(Saved data entries)
══════════

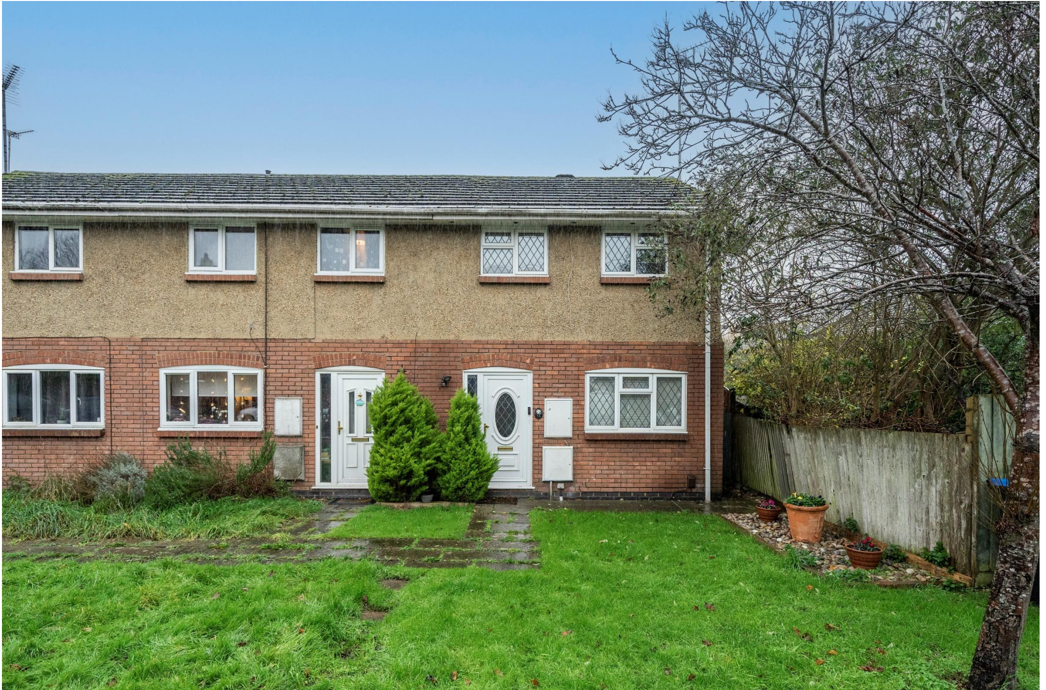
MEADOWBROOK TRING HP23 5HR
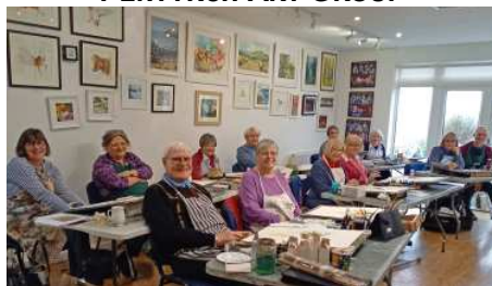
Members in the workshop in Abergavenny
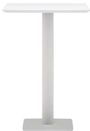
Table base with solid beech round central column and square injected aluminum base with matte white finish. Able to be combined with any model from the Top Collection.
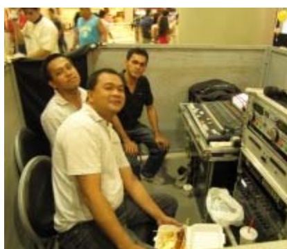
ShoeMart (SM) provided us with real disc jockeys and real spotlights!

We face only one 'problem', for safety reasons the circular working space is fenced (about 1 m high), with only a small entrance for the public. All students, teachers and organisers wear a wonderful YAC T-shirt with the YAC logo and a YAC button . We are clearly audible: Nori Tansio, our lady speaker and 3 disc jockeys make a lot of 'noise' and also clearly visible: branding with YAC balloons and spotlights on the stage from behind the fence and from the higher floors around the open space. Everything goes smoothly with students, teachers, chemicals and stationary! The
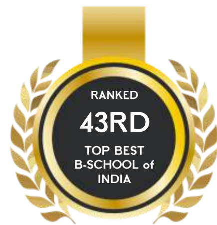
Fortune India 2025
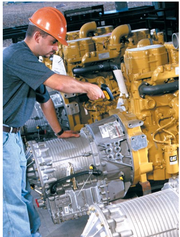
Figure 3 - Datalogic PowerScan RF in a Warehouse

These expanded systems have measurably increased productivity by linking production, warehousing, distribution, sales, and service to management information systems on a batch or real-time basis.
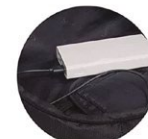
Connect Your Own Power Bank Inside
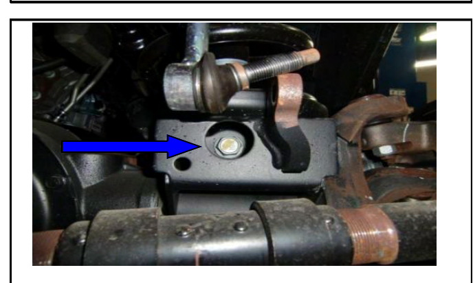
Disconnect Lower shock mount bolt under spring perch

══════════

Your assignment:
Retype the records above exactly, pictures omitted.

Response below:
MEADOWBROOK TRING HP23 5HR
Members in the workshop in Abergavenny
Table base with solid beech round central column and square injected aluminum base with matte white finish. Able to be combined with any model from the Top Collection.
ShoeMart (SM) provided us with real disc jockeys and real spotlights!

We face only one 'problem', for safety reasons the circular working space is fenced (about 1 m high), with only a small entrance for the public. All students, teachers and organisers wear a wonderful YAC T-shirt with the YAC logo and a YAC button . We are clearly audible: Nori Tansio, our lady speaker and 3 disc jockeys make a lot of 'noise' and also clearly visible: branding with YAC balloons and spotlights on the stage from behind the fence and from the higher floors around the open space. Everything goes smoothly with students, teachers, chemicals and stationary! The
Fortune India 2025
Figure 3 - Datalogic PowerScan RF in a Warehouse

These expanded systems have measurably increased productivity by linking production, warehousing, distribution, sales, and service to management information systems on a batch or real-time basis.
Connect Your Own Power Bank Inside
Disconnect Lower shock mount bolt under spring perch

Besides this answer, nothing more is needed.